*Data for this exercise:*
------------------------------------------------------------

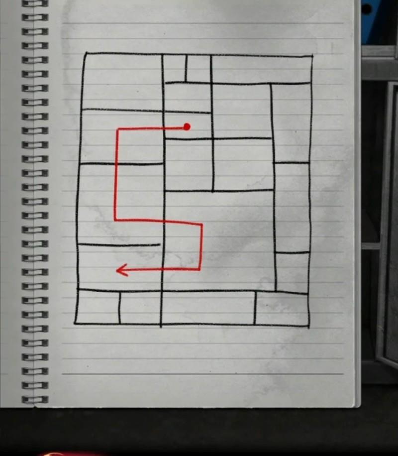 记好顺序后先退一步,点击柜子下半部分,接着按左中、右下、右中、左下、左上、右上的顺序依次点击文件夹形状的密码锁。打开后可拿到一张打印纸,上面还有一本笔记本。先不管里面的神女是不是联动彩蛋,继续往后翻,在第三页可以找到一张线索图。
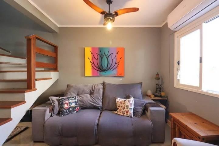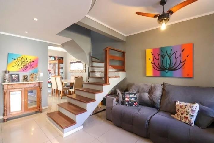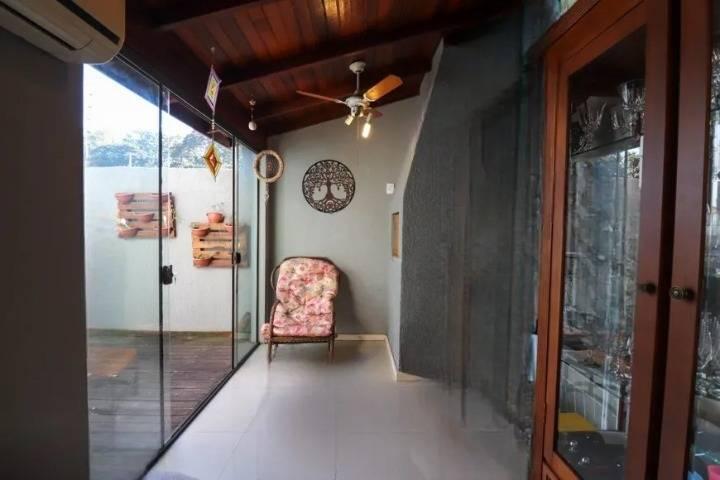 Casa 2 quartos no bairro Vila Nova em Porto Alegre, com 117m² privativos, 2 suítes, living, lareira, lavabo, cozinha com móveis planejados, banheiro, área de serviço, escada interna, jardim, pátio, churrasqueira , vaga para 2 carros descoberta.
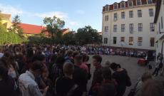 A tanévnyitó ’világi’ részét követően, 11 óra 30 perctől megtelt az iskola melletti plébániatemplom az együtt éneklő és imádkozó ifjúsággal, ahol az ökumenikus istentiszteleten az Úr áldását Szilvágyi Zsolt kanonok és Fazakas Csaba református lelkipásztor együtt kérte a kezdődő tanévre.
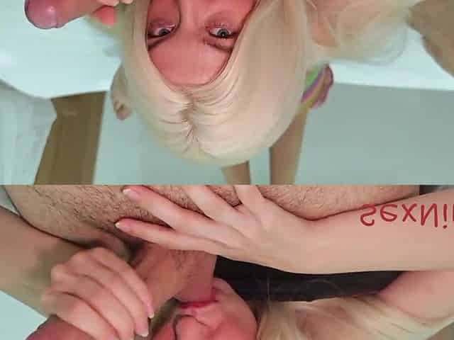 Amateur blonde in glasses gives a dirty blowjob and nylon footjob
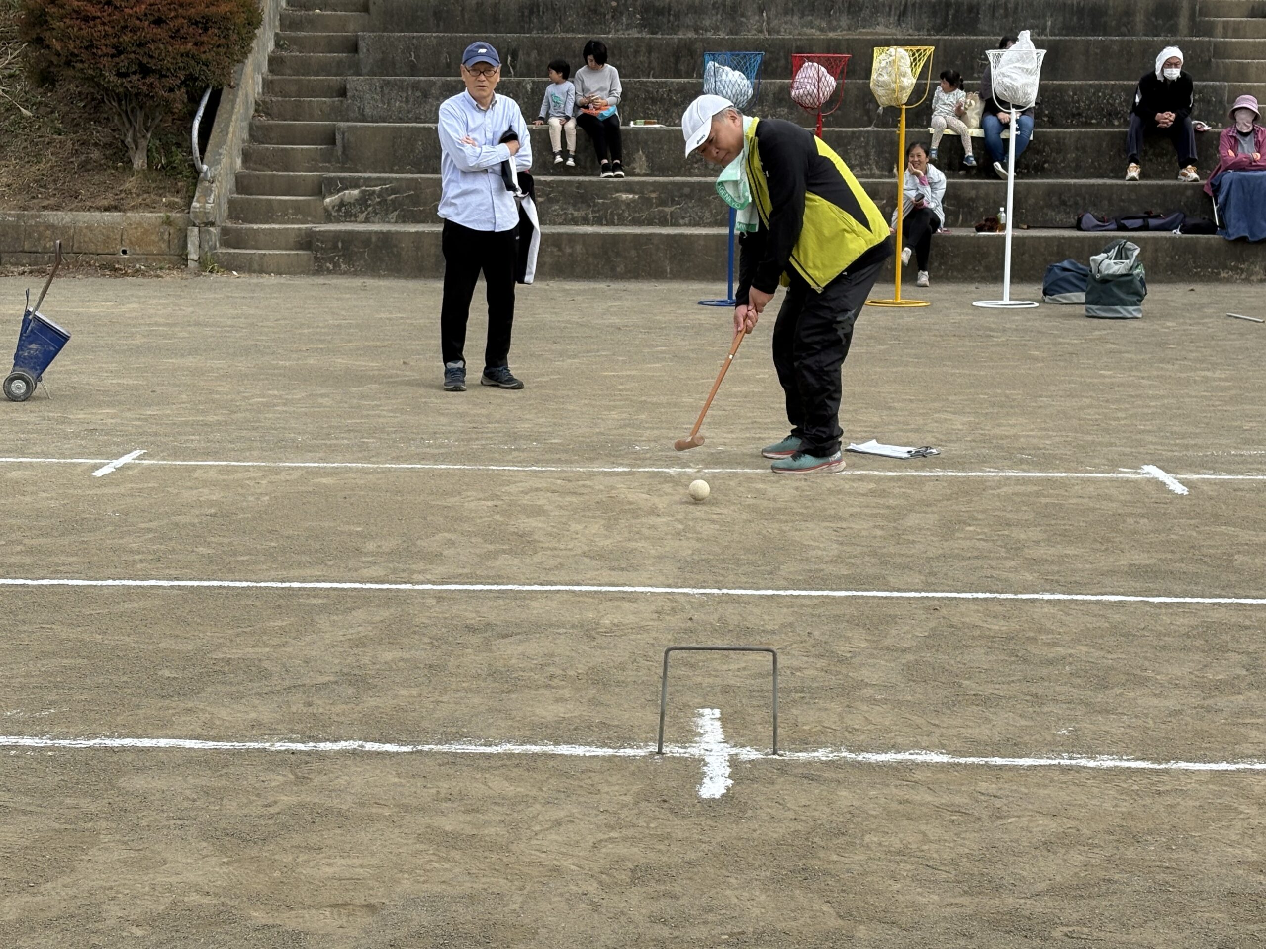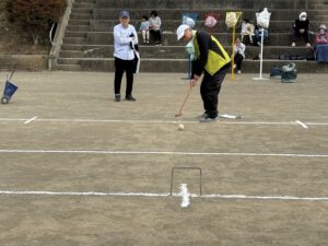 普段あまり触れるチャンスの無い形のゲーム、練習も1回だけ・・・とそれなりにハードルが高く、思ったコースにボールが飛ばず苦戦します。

------------------------------------------------------------

*Task brief:*
Repeat exactly and only the lines from the one holding "Casa 2 quartos" through the final line of the entries; no pictures.

*Exercise solution:*
 Casa 2 quartos no bairro Vila Nova em Porto Alegre, com 117m² privativos, 2 suítes, living, lareira, lavabo, cozinha com móveis planejados, banheiro, área de serviço, escada interna, jardim, pátio, churrasqueira , vaga para 2 carros descoberta.
 A tanévnyitó ’világi’ részét követően, 11 óra 30 perctől megtelt az iskola melletti plébániatemplom az együtt éneklő és imádkozó ifjúsággal, ahol az ökumenikus istentiszteleten az Úr áldását Szilvágyi Zsolt kanonok és Fazakas Csaba református lelkipásztor együtt kérte a kezdődő tanévre.
 Amateur blonde in glasses gives a dirty blowjob and nylon footjob
 普段あまり触れるチャンスの無い形のゲーム、練習も1回だけ・・・とそれなりにハードルが高く、思ったコースにボールが飛ばず苦戦します。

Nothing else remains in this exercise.